SELECT * FROM sales USING SAMPLE reservoir(10 ROWS) REPEATABLE(35)
ORDER BY sale_id
LIMIT 3;

Result:

+---------+------------+-------------+----------+--------------+----------+--------+----------+------------+--------+
| sale_id | product_id | customer_id | store_id | product_name | category | price | quantity | sale_date | region |
+---------+------------+-------------+----------+--------------+----------+--------+----------+------------+--------+
| 247 | 48 | 248 | 8 | Product-48 | Home | 9.27 | 6 | 2022-09-05 | West |
| 1556 | 7 | 57 | 17 | Product-7 | Clothing | 36.34 | 3 | 2022-04-07 | North |
| 2031 | 32 | 32 | 12 | Product-32 | Clothing | 336.32 | 3 | 2022-07-26 | West |
+---------+------------+-------------+----------+--------------+----------+--------+----------+------------+--------+

In this example, the SAMPLE clause took a sample of ten random rows, and the LIMIT clause limited the output to just three of those rows.

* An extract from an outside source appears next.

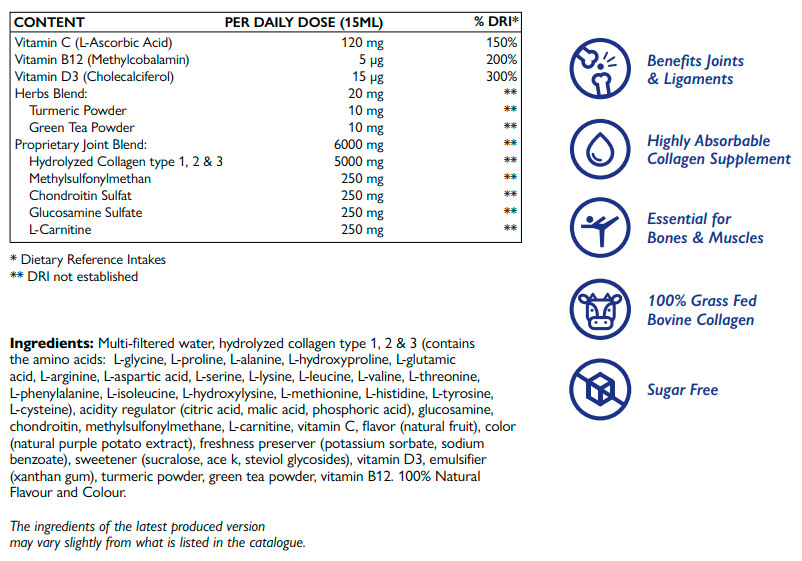 Apă multifiltrată, colagen hidrolizat tip 1, 2 & 3 (conține aminoacizi: L-glicină, L-prolină, L-alanină, L-hidroxiprolină, acid L-glutamic, L-arginină, acid L-aspartic, L-serină, L-lizină, L-leucină, L-valină, L-treonină, L-fenilalanină, L-izoleucină, L-hidroxilizină, L-metionină, L-histidin, L-tirozină, L-cisteină), regulator de aciditate (acid citric, acid malic, acid fosforic), glucozamină, condroitină, metilsulfonilmetan, L-carnitină, vitamina C, aromă (fructe naturale), culoare (extract natural de cartof violet), conservant de prospețime (sorbat de potasiu, benzoat de sodiu), îndulcitor (sucraloză, acesulfam de potasiu, steviol glicozide), vitamina D3, emulgator (gumă xantan), pulbere de turmeric, pulbere de ceai verde, vitamina B12.

Let’s increase the LIMIT to five rows:

SELECT * FROM sales USING SAMPLE reservoir(10 ROWS) REPEATABLE(35)
ORDER BY sale_id
LIMIT 5;

Result:

+---------+------------+-------------+----------+--------------+-------------+--------+----------+------------+--------+
| sale_id | product_id | customer_id | store_id | product_name | category | price | quantity | sale_date | region |
+---------+------------+-------------+----------+--------------+-------------+--------+----------+------------+--------+
| 247 | 48 | 248 | 8 | Product-48 | Home | 9.27 | 6 | 2022-09-05 | West |
| 1556 | 7 | 57 | 17 | Product-7 | Clothing | 36.34 | 3 | 2022-04-07 | North |
| 2031 | 32 | 32 | 12 | Product-32 | Clothing | 336.32 | 3 | 2022-07-26 | West |
| 2572 | 23 | 73 | 13 | Product-23 | Home | 600.61 | 6 | 2022-01-18 | North |
| 2815 | 16 | 316 | 16 | Product-16 | Electronics | 709.15 | 9 | 2022-09-18 | West |
+---------+------------+-------------+----------+--------------+-------------+--------+----------+------------+--------+

In both queries the SAMPLE clause uses a seed of 35, and so the same results are returned as far as the SAMPLE clause goes. It was then up to the LIMIT clause to restrict those results to the amounts we provide (i.e. 3 and 5).